Ключевые слова: коллективизация, кулаки, политика выселения, ликвидация кулачества как класса, репрессии
Keywords: collectivization, kulaks, eviction policy, elimination of kulaks as a class, repression
Политика хозяйственного ущемления кулаков проводилась советским правительством с 1920-х годов и была направлена на экономическое притеснение и «разоружение» кулачества. Однако в конце 1929 - начале 1930 годов руководство страны взяло курс на развитие колхозного строительства. В связи с этим планировалось коллективизировать к 1933 г. подавляющую часть бедняцко-середняцких хозяйств в главных зерновых районах станы, а кулацкие хозяйства ликвидировать. На конференциях и съездах началась подготовительная агитационная работа, объясняющая необходимость сплошной коллективизации, и угрозу, существовавшую со стороны «капиталистических элементов деревни».
По мнению И. В. Сталина и его партийных соратников, кулаки и бедняцко-середняцкая масса деревни, которая вербовалась в колхозы, находились в антагонистическом противоречии и просто не могли
сосуществовать на одной земле. Воинственная риторика партийного руководства внушала сельским обывателям и пролетариату образ классового врага, который «добровольно ликвидироваться не хочет» и «дико сопротивляется».
Формы сопротивления были как активными, так и пассивными. В информационном бюллетене прокуратуры Западной области (декабрь 1929 г.) говорилось, что «число террористических актов кулачества пропорционально возрастало в месяцы усиленного нажима на капиталистические элементы. Так, наибольшее количество террористических актов произошло в октябре, месяце наивысшего выкачивания кулацкого хлеба... Главными объектами нападения кулачества стали работники низового соваппарата (63%) и общественники (37%), причём первое место среди общественников занимают колхозники (50%)...». Причину такой ненависти к «общественникам» следует искать в методах их работы с кулаками во время экспроприации «излишков» хлеба. Далее автор бюллетеня отмечает, что «характерен переход от физического уничтожения к уничтожению имущества целых хозяйств - поджоги (43,3% всех терактов) ...» [3, с. 297]. Из сообщения следует, что меры репрессий в отношении кулаков - это вынужденные меры гражданской самозащиты.
Наиболее распространённой формой пассивного сопротивления было самораскулачивание хозяйств, боявшихся репрессий. В информационной сводке Колхозцентра СССР от 11 января 1930 г. сообщалось: «Вслед за сокращением посевной площади кулак, стремясь избежать налогов, маскируясь под середняка, спешит избавиться от скота. Кулак развивает бешеную агитацию за сброску скота, особенно в районах сплошной коллективизации». Из-за страха быть раскулаченными крестьяне резали или продавали за бесценок весь скот, который всё равно было нечем кормить. В той же сводке говорится, что на «Средней Волге недород прошлого года, тяжело отразился на животноводстве края, идёт сильный убой скота,
особенно молодняка. По данным Животноводсоюза, в крае в текущем году убито 820 тысяч голов молодняка. Свиней по сравнению с 1913 г. осталось 56 %, лошадей - 72%» [3, с. 304].

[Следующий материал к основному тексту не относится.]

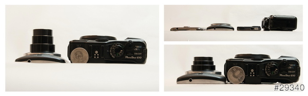 如果開啟相機功能, 這時相機的鏡頭就會伸出來, 這時跟G10相比是差不多的(我也放了一個十元硬幣來做比較), 如果是拉到最長焦段時, 可以看到GALAXY K zoom大約就是兩個十元硬幣的高度了. 不過手持拍照, 這個鏡頭伸縮對於手握並無任何影響的
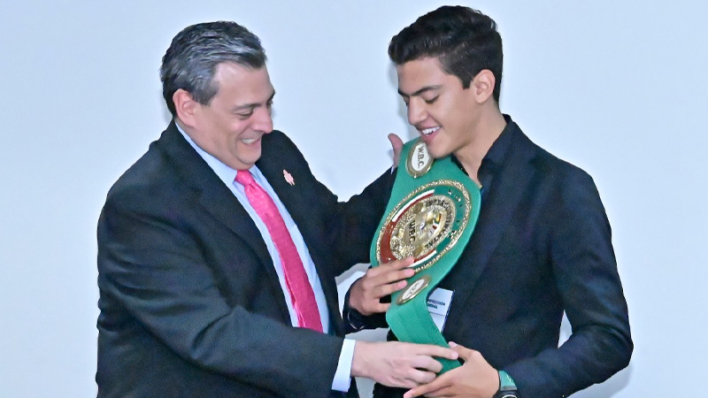 The 20-year-old received from the hands of WBC President Mauricio Sulaimán the belt that endorses, lauds and celebrates him as the WBC Intercontinental Youth Champion.
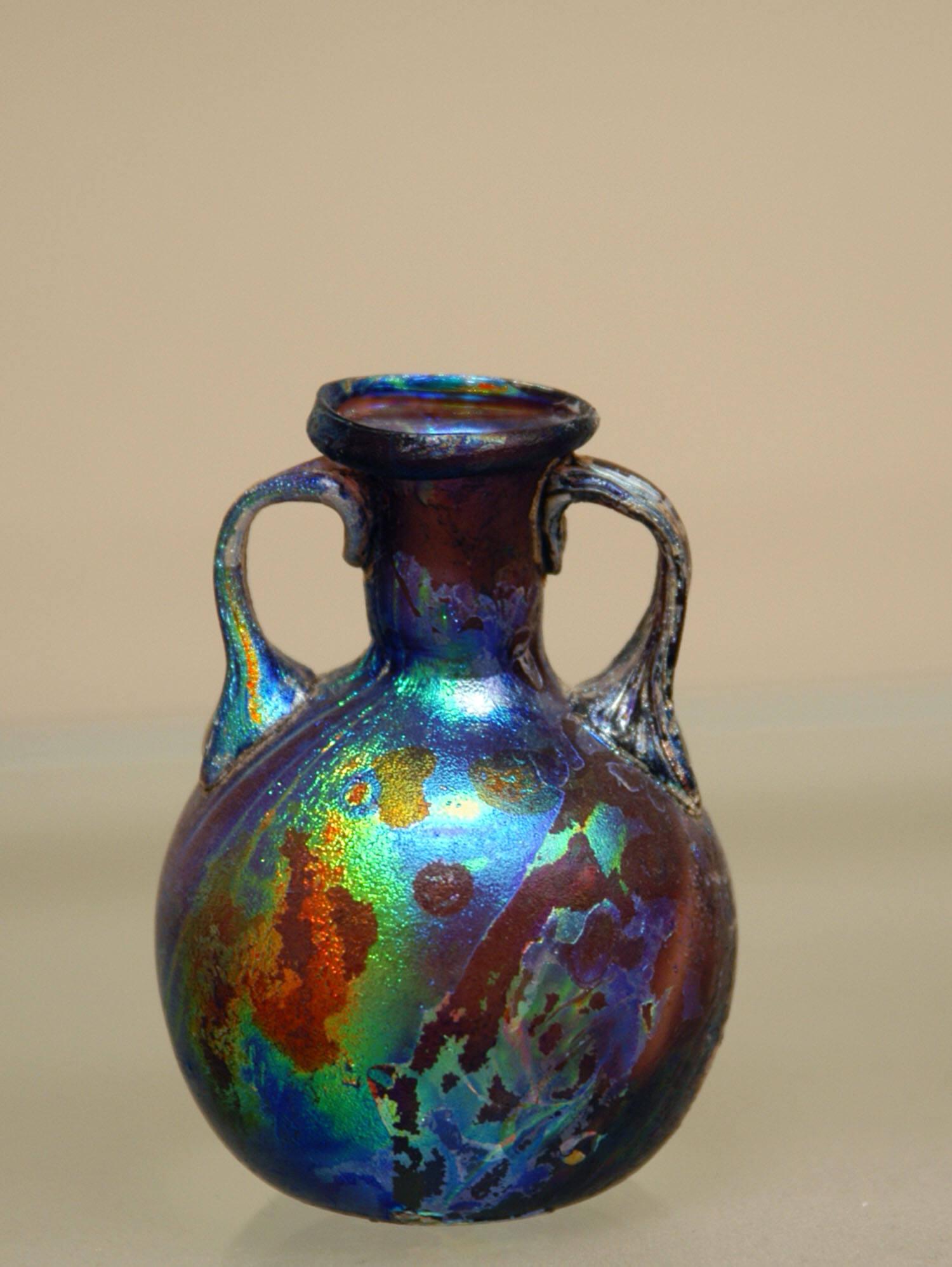 DescriptionThis small glass jar was shaped by free-blowing and finished with two handles. The rim is rounded and includes a decorative cut-out. The neck tapers slightly, leading to a spherical body and a flat base with a central dip.
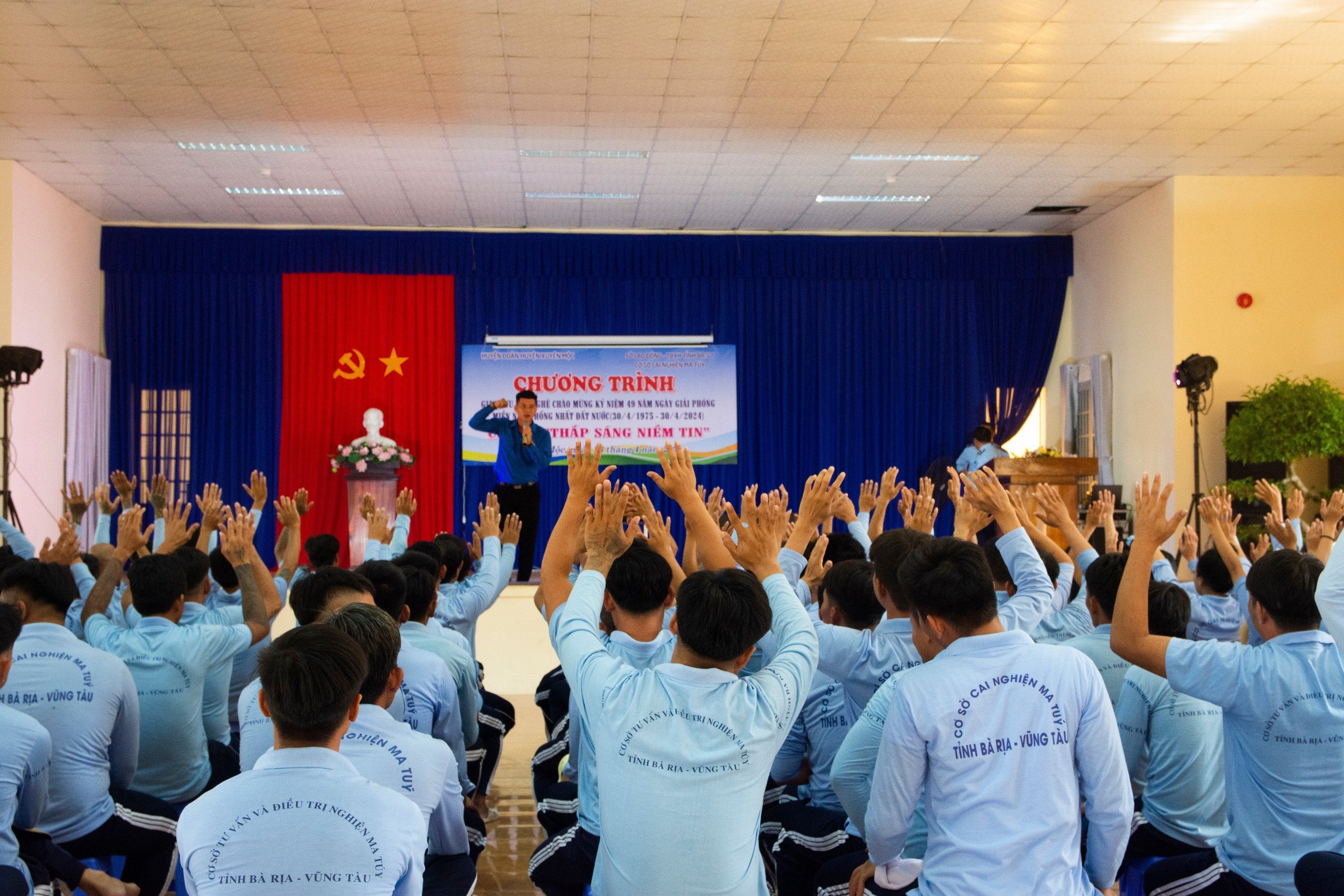 Ngày 23/4, Cơ sở Tư vấn và điều trị nghiện ma túy tỉnh (xã Hòa Hiệp, huyện Xuyên Mộc) phối hợp cùng Huyện đoàn Xuyên Mộc tổ chức Chương trình giao lưu văn nghệ cho các học viên với chủ đề "Thắp sáng niềm tin".
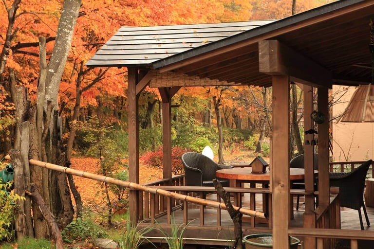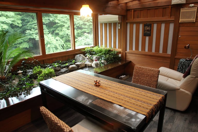 豊かな自然に囲まれた寛ぎの空間は、まるで森の山荘。
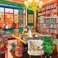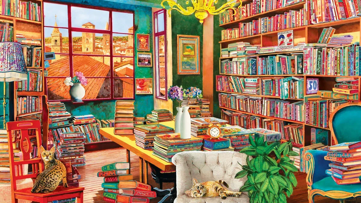 An amazing collection of books decorate an old library room, while two cats lie restless awaiting a visitor.
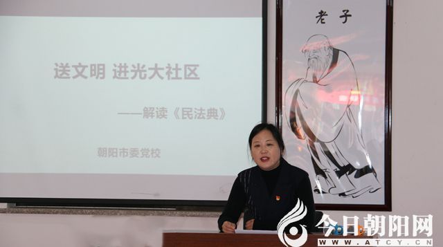 11月30日上午,遼寧省朝陽市雙塔區(qū)龍山街道光大社區(qū)黨總支、國家稅務(wù)總局朝陽市稅務(wù)局第七黨支部、朝陽市委黨?;鶎狱h支部聯(lián)合舉辦了“送文明進社區(qū)——解讀《民法典》”講座。光大社區(qū)、朝陽市稅務(wù)局、市委黨校相關(guān)同志一起聆聽了講座,共同學習體悟了《民法典》對全面加強法治社會建設(shè)的重大意義。
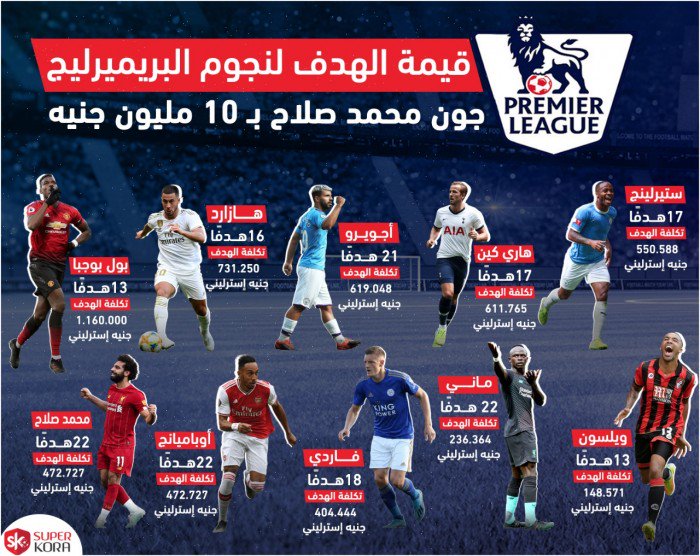 واحتل الفرنسي بول بوجبا لاعب خط وسط فريق مانشستر يونايتد الإنجليزي القائمة، بعدما سجل 13 هدفًا في الموسم المنقضي، لتبلغ قيمة الهدف الواحد مليون و160 ألف جنيه إسترليني ، وجاء إيدين هازار: 16 هدفًا (731.250 جنيه استرليني).

30 января 1930 г. Политбюро утвердило подготовленный специальной комиссией под председательством В.М. Молотова текст постановления ЦК ВКП(б) «О мероприятиях по ликвидации кулачества как класса в районах сплошной коллективизации». В этих районах кулаки, которые оказывали активное сопротивление установлению новых порядков ведения сельского хозяйства на социалистических началах, выселялись по постановлениям сельских сходов и местных съездов Советов. Сельскохозяйственный инвентарь и имущество кулаков направлялись в неделимые фонды колхозов в качестве взносов за бедняков и батраков. Конфискованные жильё и постройки передавались на общественные нужды сельсоветов и колхозов [1, с. 39].

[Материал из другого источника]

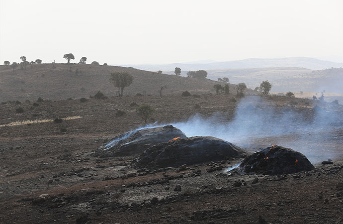 Diyarbakır Çınar ile Mardin’in Mazıdağı ilçeleri arasında yangın çıktı. Yangın, rüzgarın etkisiyle büyüdü. Yangına müdahale için Diyarbakır ve Mardin’in yanı sıra çevre illerden AFAD, Orman İşletme Müdürlüğü ve itfaiye ile 112 Acil Sağlık ekipleri sevk edildi. İçişleri Bakanı Ali Yerlikaya da sosyal medya hesabından yaptığı açıklamada, yangının kontrol altına alındığını duyurdu. Yerlikaya, ekiplerin bölgedeki soğutma çalışmalarının da devam ettiğini belirtti.
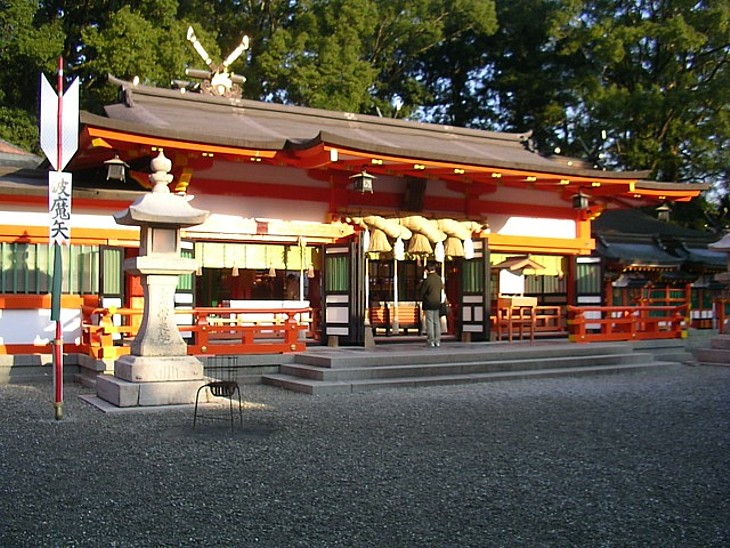 境内右手の参拝用駐車場から100mの距離に本殿がある。短時間で済むが味気ない。
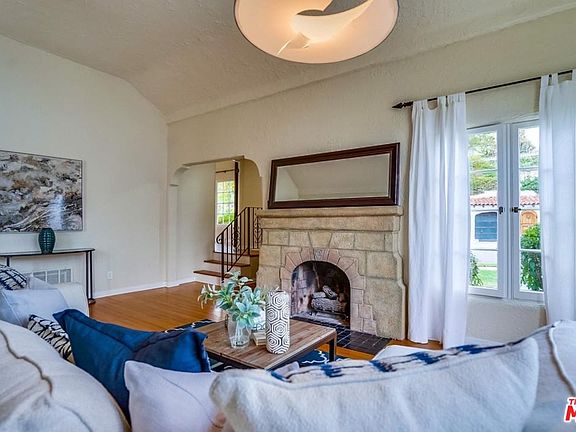 Located above Mountain in the quaint neighborhood of Rossmoyne is this beautifully preserved 1927 French Norman Revival home. Enter the house to soaring 12' vaulted ceilings, Claycraft fireplace and gleaming wood floors. Living room connects via split level to the dining area with French doors leading to the patio making great indoor/outdoor living and adding to the flow of the house. Bright and sunny kitchen with vintage stove, newer cabinets, breakfast area and treetop views. Three generous bedrooms with Southern exposure, Large bath with vintage tile floor, and character ~ bath attached to the master complete the main level.Down one flight of stairs is the flexible large 4th bedroom or Den with walk in closet and ~ bath. Backyard is surrounded by walls of green and mature trees.
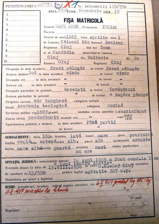 Fișa deținutului Leon Manu, închis în Penitenciarul Gherla 11
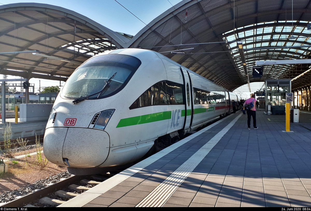 415 023-1 (Tz 1523 "Hansestadt Greifswald") als ICE 2900 von Leipzig Hbf nach Warnemünde, ersatzweise für IC 2238 "Warnow" (Linie 56), steht in Halle(Saale)Hbf auf Gleis 9.

Директива Политбюро ЦК ВКП(б) «О мероприятиях по ликвидации кулацких хозяйств в районах сплошной коллективизации», вышедшая в начале 1930 г., разделила кулацкие хозяйства на три категории и определила общую численность хозяйств, которые должны были подвергнуться раскулачиванию. Общая численность устанавливалась в 3-5% крестьянских хозяйств: для первой категории - 60 тысяч, для второй - 150 тысяч хозяйств. В районах, развитых в аграрном отношении, предписывалось провести раскулачивание «незамедлительно», а в остальных - по мере развёртывания коллективизации. Точных данных по третьей категории нет, но если численность первой и второй категорий составляла около 63 % от общего числа лиц, подлежащих раскулачиванию то, следовательно, третья категория насчитывала примерно 37 - 40 % [10, с. 8].
Первую категорию составлял «контрреволюционный актив», организаторы террористической и антисоветской деятельности. Их, как правило, приговаривали к высшей мере наказания или отправляли в
концлагеря. Их семьи высылались в отдалённые и малонаселённые районы Советского Союза с тяжёлыми природными условиями.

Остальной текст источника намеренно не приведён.